SchäferinCharakteristisch für die Lüneburger Heide sind zweifellos die Heidschnuckenherde mit ihrem Schäfer und die violett leuchtenden, welligen Heideflächen mit dem hohen Wacholder. Bis vor 4.500 Jahren bestand die Lüneburger Heide vorwiegend aus Eichen- und Birkenwäldern. Dann begann der Mensch die Wälder zu roden, um Acker- und Weideland sowie Bau- und Brennholz zu gewinnen. Der Waldbestand reduzierte sich zunehmend durch das Roden der Wälder - es war ein großer Holzbedarf für die Lüneburger Saline nötig. Neu entstandene Äcker ohne ausreichende Düngung verursachten eine Verarmung der ehemals nährstoffreichen Böden. Nur anspruchslose Pflanzen wie Besenheide (Calluna vulgaris) fanden auf den kargen Böden optimale Lebensbedingungen.

Und damit entstand die Ausbreitung der Heideflächen, die als Weidegebiete für Heidschnucken, für die Imkerei und zur Gewinnung von Düngemitteln genutzt wurden. Die Heidebauernwirtschaft löste in der zweiten Hälfte des 19. Jahrhunderts die Aufforstung durch Kiefern ab und so entstand eins der größten Waldgebiete Deutschlands.

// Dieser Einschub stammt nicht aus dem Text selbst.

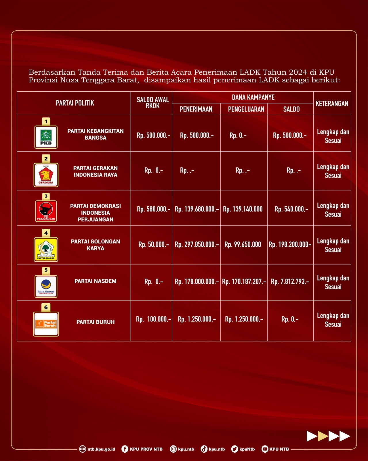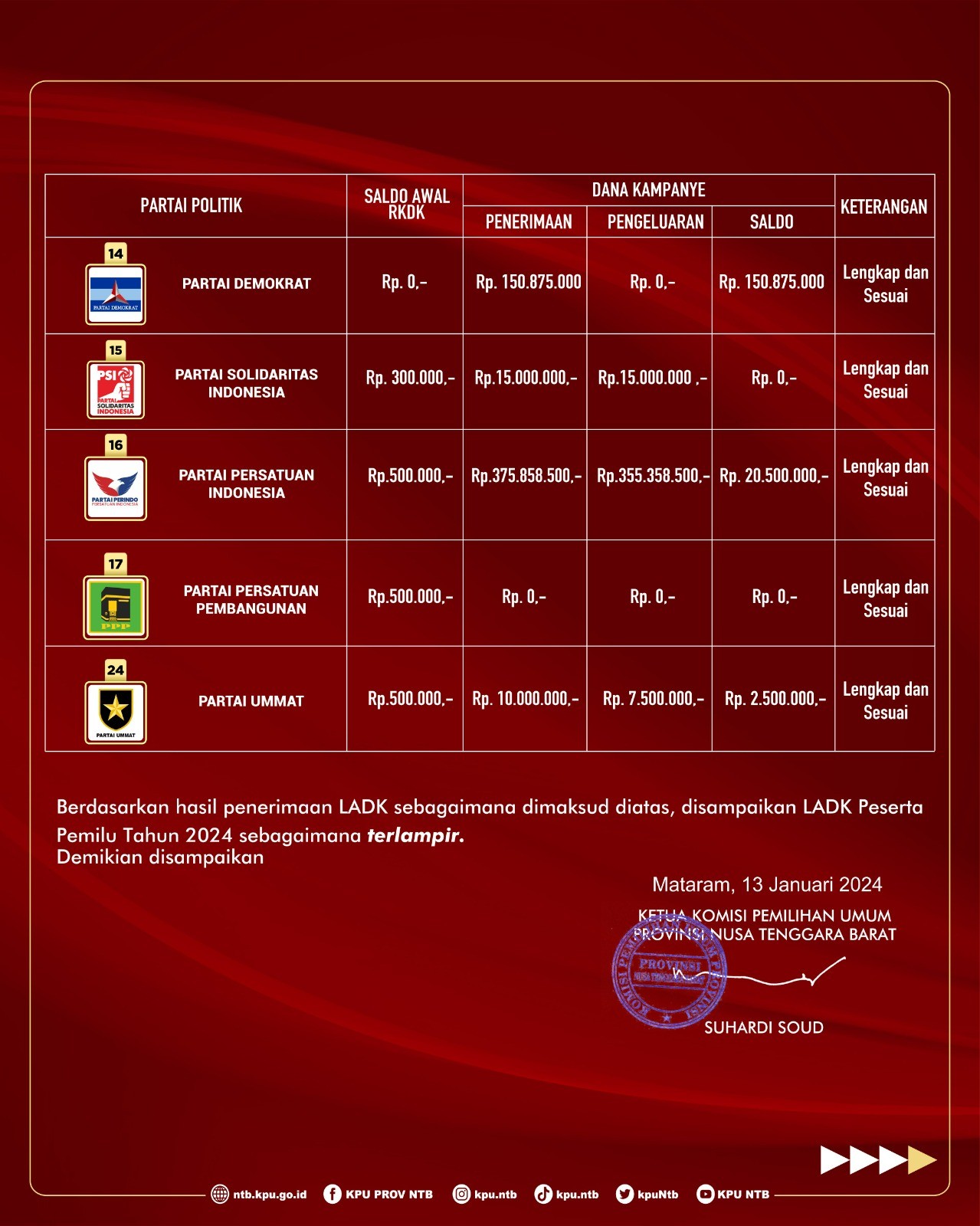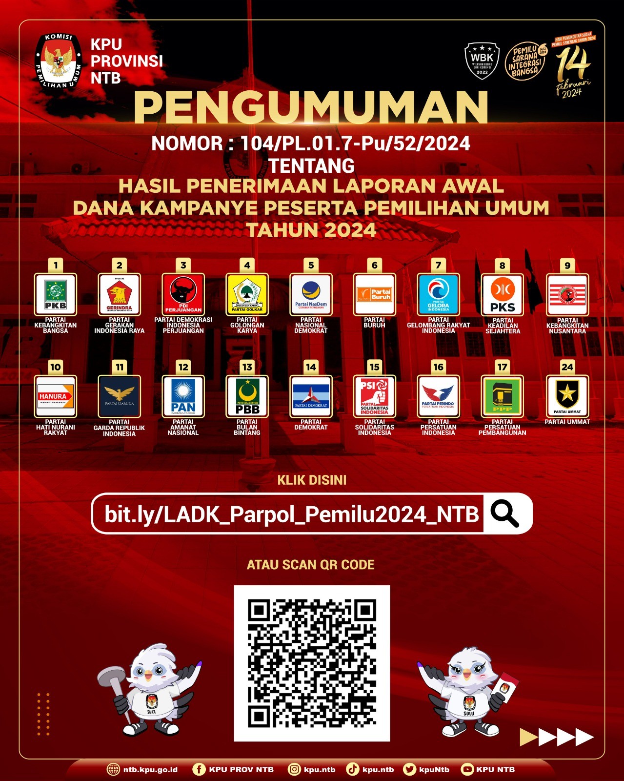 Pengumuman Nomor : 104/PL.01.7-Pu/52/2024 Tentang Hasil Penerimaan Laporan Awal Dana Kampanye Peserta Pemilihan Umum 2024

Die wenigen verbliebenen Heideflächen sind geschützt und müssen intensiv gepflegt werden, um ihre Erhaltung zu sichern.

Wenn die Erika blüht, feiern viele Orte Heideblütenfeste. Heideköniginnen werden gewählt, es gibt Musik, Festumzüge zu Pferd mit geschmückten Wagen und Tanz. Bis Ende September finden die Heidjer an den Wochenenden kaum Ruhe. Danach ist der Spuk vorbei und die Landschaft liegt wieder ,,still im warmen Mittagssonnenstrahle'', wie Hermann Löns sie bedichtete - Im Tietlinger Wacholderhain bei Fallingbostel liegt er begraben.

Außerdem ist die Heide nicht nur zur Blütezeit schön. Naturfreunde lieben sie ebenso im Frühjahr, Herbst und sogar im Winter. In der Heide kann man auf stillen Wegen die Seele baumeln lassen. Nebenbei gibt es viel Interessantes zu entdecken .Großsteingräber aus der Steinzeit, übrigens unter anderem auch direkt vor der Haustür vom Haus Heidelerche (Hügelgräber). Entlang der vielen kleinen Bäche und Flüsse führen gut ausgebaute Radwege, überall hört man die Vögel zwitschern, gelbe Rapsfelder leuchten und stellen ein wunderbar erholsames Erlebnis dar. Unsere Klein Bünstorfer-Heide ist zu Fuß, mit dem Fahrrad oder mit Pferd und Wagen- unseren Heidekutschen, gut zu erreichen. Hier bekommen Sie einen Eindruck von der wunderschönen Heidelandschaft. Nicht weit entfernt ist die Addenstorfer Heide, die Klein London Heide, in den Wierener Bergen.

Weitere größere Heidelfächen finden Sie rund um den Wilseder Berg in Wilsede, Undeloh, Ober- und Niederhaverbeck, Lüllau, Hermannburg, Schneeverdingen, Wildpark Niendorf, Hof Tütsberg, Visselhövede, Fallingbostel, Amelinghausen, Ebstorf und im Wendland.